Pero si son mayores o profundos, los bordes pueden quedar separados
y puede ser necesario conseguir el cierre de la piel aproximando
ambos lados.
Generalmente, el cierre de la herida se realiza mediante una sutura,
es decir "cosiendo" sus bordes con aguja e hilo o con
grapas, para aproximarlos y así favorecer una curación
más rápida. En las heridas más pequeñas,
pueden usarse unas tiras adhesivas sin "dar puntos" de
sutura. Hoy en día, existe un producto adhesivo (pegamento)
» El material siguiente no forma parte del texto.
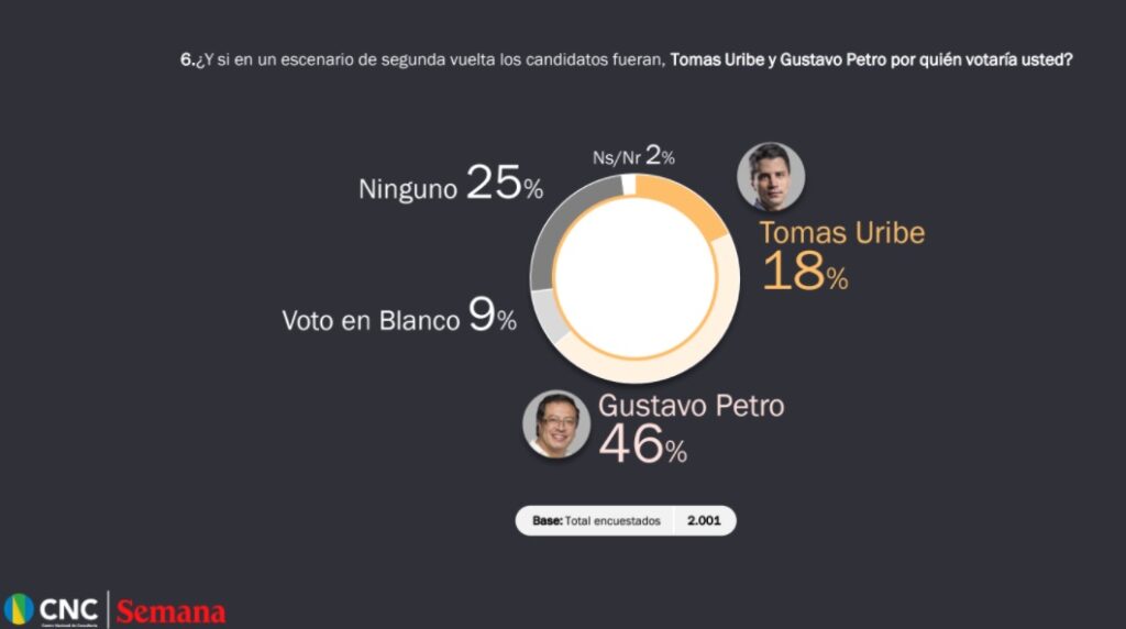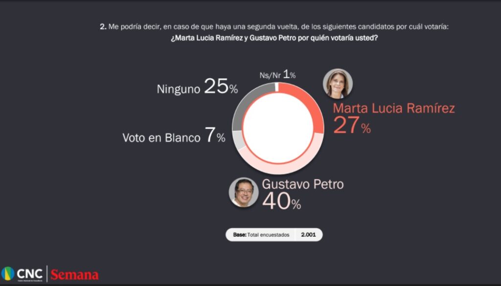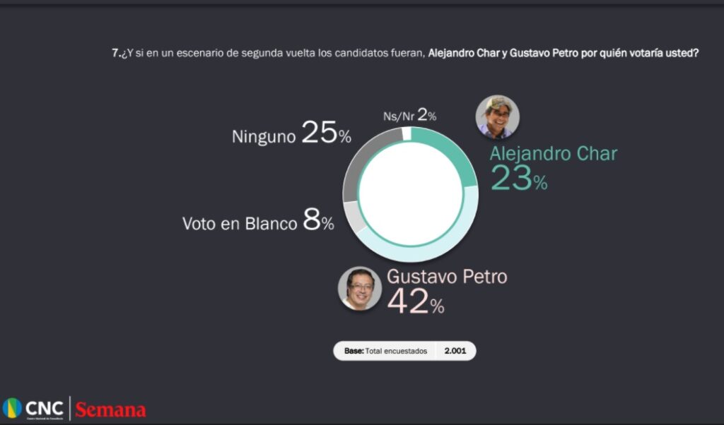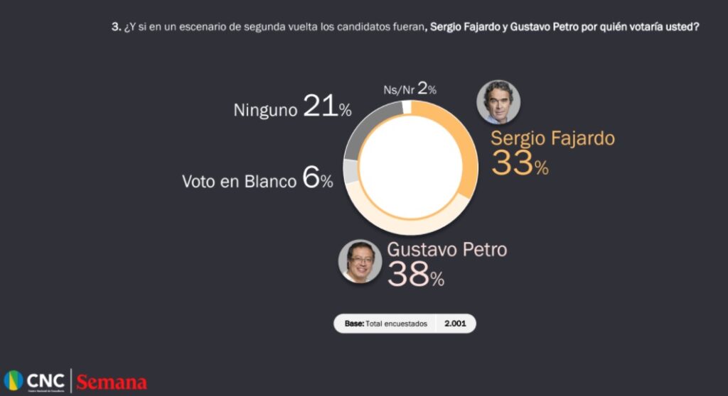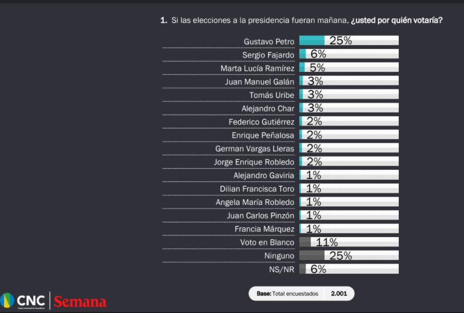 Uno de los marcadores más llamativos que arrojó la encuesta, es la refrendación de la favorabilidad del Senador Gustavo Petro en la preferencia de los electores para la presidencia de la república. Si las elecciones fueran hoy en Colombia, en medio de la peor crisis social y económica, el presidente sería Gustavo Petro, según los resultados de la más reciente encuesta Semana, realizada por el Centro Nacional de Consultoría.
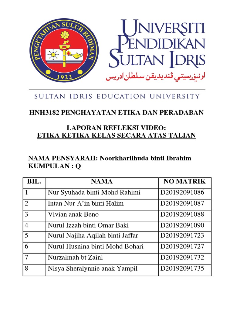 Hnh3182 Laporan Refleksi Video Etika Kumpulan 3 Pdf Pdf

para el cierre de cortes "seleccionados" sin necesidad
de sutura.
Sea cual sea el método empleado para aproximar los bordes,
la intención es favorecer la curación de la herida
y mejorar su cicatrización.
Una vez que se ha realizado la sutura al niño, o sea, "se
le han dado puntos", se debe cuidar la herida para favorecer
su curación y evitar su infección.
Conviene mantener en reposo la zona de la herida e intentar evitar
que se moje o se ensucie, por lo que, a veces, la sutura se mantendrá
cubierta durante las primeras 24-48 horas, aunque algunas zonas,
como el cuero cabelludo (la piel de la cabeza con pelo) o en la
cara, no se cubren. Después de este tiempo, podrán
incluso mojarse (ducharse, nadar, etc.).
Puede aplicarse una solución antiséptica (desinfectante)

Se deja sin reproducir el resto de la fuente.